THE TASK: Return all of the data below verbatim and exclude every picture.

SOURCE MATERIAL:
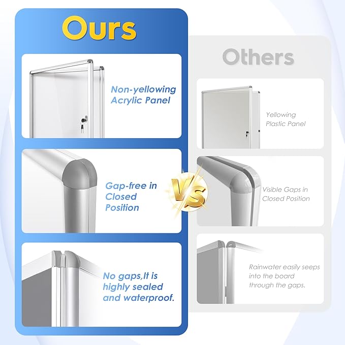 - Secure and Protected Display —Lockable acrylic doors and key mechanisms ensure that important information are kept safe from the elements, theft, or tampering
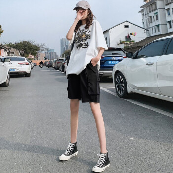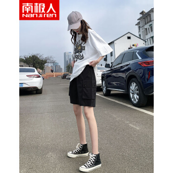 南极人 五分工装短裤女宽松新款夏季薄款高腰百搭休闲裤运动中裤潮ins YYR867 带扣黑色 请拍正确尺码 |
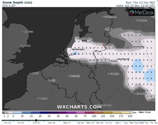 BERKELLAND – De weersituatie met de kerstdagen begint langzamerhand wat duidelijker te worden. De warmte en de (extreme) koude zijn uit de weermodellen verdwenen en zoals het er nu uitziet vindt de strijd tussen koude en warme lucht inderdaad net boven Nederland plaats. En dat is meestal een garantie voor kwakkelweer. De verschillen tussen het zuiden en het noorden kunnen daarbij groot zijn. In het midden en dus ook in de Achterhoek kan het dus letterlijk (in de nacht) vriezen en (overdag) dooien. Op eerste kerstdag zou er wellicht wat sneeuw kunnen vallen met misschien zelfs een paar cm dat blijft liggen.
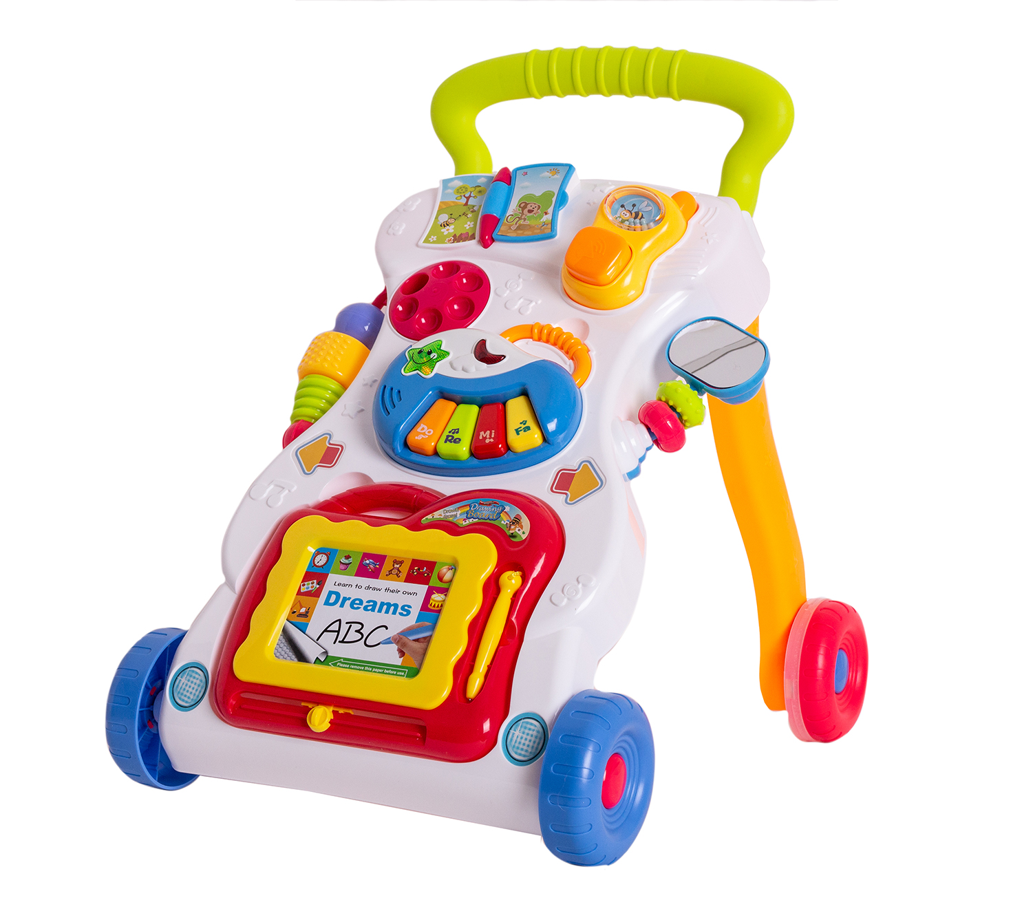 Pchacz pomaga przy stawianiu pierwszych kroków dziecka, ale jest też miejscem do zabawy.

SOLVED EXERCISE:
 - Secure and Protected Display —Lockable acrylic doors and key mechanisms ensure that important information are kept safe from the elements, theft, or tampering
 南极人 五分工装短裤女宽松新款夏季薄款高腰百搭休闲裤运动中裤潮ins YYR867 带扣黑色 请拍正确尺码 |
 BERKELLAND – De weersituatie met de kerstdagen begint langzamerhand wat duidelijker te worden. De warmte en de (extreme) koude zijn uit de weermodellen verdwenen en zoals het er nu uitziet vindt de strijd tussen koude en warme lucht inderdaad net boven Nederland plaats. En dat is meestal een garantie voor kwakkelweer. De verschillen tussen het zuiden en het noorden kunnen daarbij groot zijn. In het midden en dus ook in de Achterhoek kan het dus letterlijk (in de nacht) vriezen en (overdag) dooien. Op eerste kerstdag zou er wellicht wat sneeuw kunnen vallen met misschien zelfs een paar cm dat blijft liggen.
 Pchacz pomaga przy stawianiu pierwszych kroków dziecka, ale jest też miejscem do zabawy.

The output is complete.